[Items from a data source]
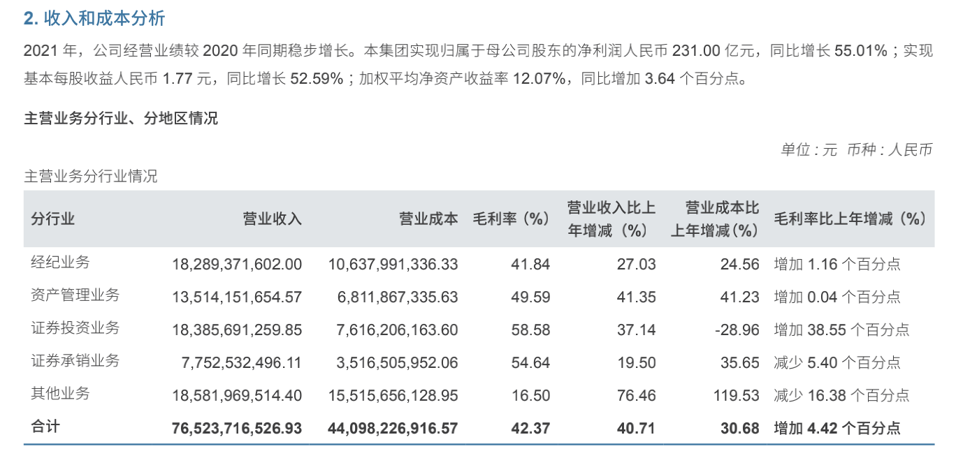 从业务发展来看,2021年,中信证券的各项业务依然是全面开花,证券投资业务、经纪业务和资管业务分别实现营收183.86亿元、182.89亿元和135.14亿元,其中,投行业务营收超过了最为传统的经纪业务。与此同时,证券投资业务毛利率为58.58%,证券承销业务和资管业务毛利率次之,分别达到54.64%、49.59%。
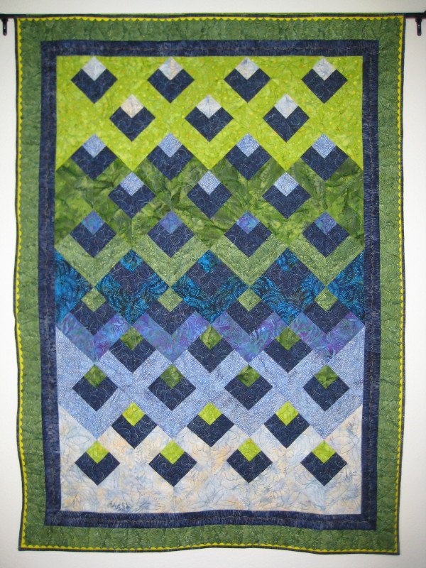 | Design Source - Description | This was a fun, play-with-my-fabrics, quick quilt. The rick-rack in the binding added just the right bright finish it needed! It hangs in my living room. |
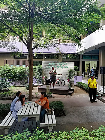 Ora è un formicaio nella sala d'aspetto, con tutti i tipi di "formiche", su sedia a rotelle, con stampelle, accompagnato da un figlio, una figlia o una madre. Le dimissioni con cui ha luogo l'intero processo di attesa sono notevoli. Nessuna spinta o commento forte. Il parcheggio è un vero disastro, anche perché il parcheggio sul retro è sott'acqua. Si narra che il precedente direttore dell'ospedale abbia speso i 10 milioni di baht disponibili per "altre questioni". I problemi peggiori potrebbero essere stati risolti quando il parcheggio in costruzione è pronto.
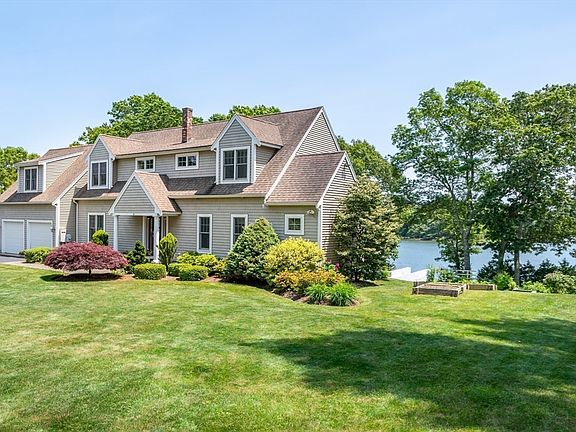 Enjoy morning sunrises from your own private dock, boathouse & sandy beach with 200'± of frontage in Lewis Point along serene Little Buttermilk Bay offering easy access to the Cape Cod Canal, Buzzards Bay & the Atlantic Ocean. This tasteful, light filled home was custom built in 2011 to capture mesmerizing water views & offers a modern, open floor plan. Wake up each morning to water views from the first floor primary bedroom with its own private deck, large walk-in closet & bath. A welcoming entry hall with adjacent half bath leads to a two story family room, kitchen & dining room with access to a large deck, all with water views. Easy access from the two-car attached garage to a mud room/laundry room. The second floor is a private oasis offering two bedrooms, a sitting room, full bathroom and a 437± SF unfinished room over the garage offering unlimited possibilities. Bonus finished lower level recreation room, workshop & half bath with direct access to the stunning yard/gardens.
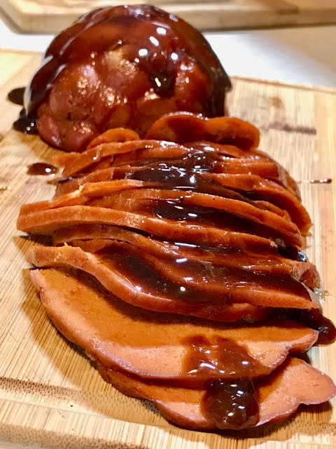 19 oz. Tofurky plant-based HAM STYLE ROAST, thawed and baked according to pkg. instruction – includes packet of glaze

Task requirements: Could you repeat all of the entries exactly, without the pictures?

Completed exercise:
 从业务发展来看,2021年,中信证券的各项业务依然是全面开花,证券投资业务、经纪业务和资管业务分别实现营收183.86亿元、182.89亿元和135.14亿元,其中,投行业务营收超过了最为传统的经纪业务。与此同时,证券投资业务毛利率为58.58%,证券承销业务和资管业务毛利率次之,分别达到54.64%、49.59%。
 | Design Source - Description | This was a fun, play-with-my-fabrics, quick quilt. The rick-rack in the binding added just the right bright finish it needed! It hangs in my living room. |
 Ora è un formicaio nella sala d'aspetto, con tutti i tipi di "formiche", su sedia a rotelle, con stampelle, accompagnato da un figlio, una figlia o una madre. Le dimissioni con cui ha luogo l'intero processo di attesa sono notevoli. Nessuna spinta o commento forte. Il parcheggio è un vero disastro, anche perché il parcheggio sul retro è sott'acqua. Si narra che il precedente direttore dell'ospedale abbia speso i 10 milioni di baht disponibili per "altre questioni". I problemi peggiori potrebbero essere stati risolti quando il parcheggio in costruzione è pronto.
 Enjoy morning sunrises from your own private dock, boathouse & sandy beach with 200'± of frontage in Lewis Point along serene Little Buttermilk Bay offering easy access to the Cape Cod Canal, Buzzards Bay & the Atlantic Ocean. This tasteful, light filled home was custom built in 2011 to capture mesmerizing water views & offers a modern, open floor plan. Wake up each morning to water views from the first floor primary bedroom with its own private deck, large walk-in closet & bath. A welcoming entry hall with adjacent half bath leads to a two story family room, kitchen & dining room with access to a large deck, all with water views. Easy access from the two-car attached garage to a mud room/laundry room. The second floor is a private oasis offering two bedrooms, a sitting room, full bathroom and a 437± SF unfinished room over the garage offering unlimited possibilities. Bonus finished lower level recreation room, workshop & half bath with direct access to the stunning yard/gardens.
 19 oz. Tofurky plant-based HAM STYLE ROAST, thawed and baked according to pkg. instruction – includes packet of glaze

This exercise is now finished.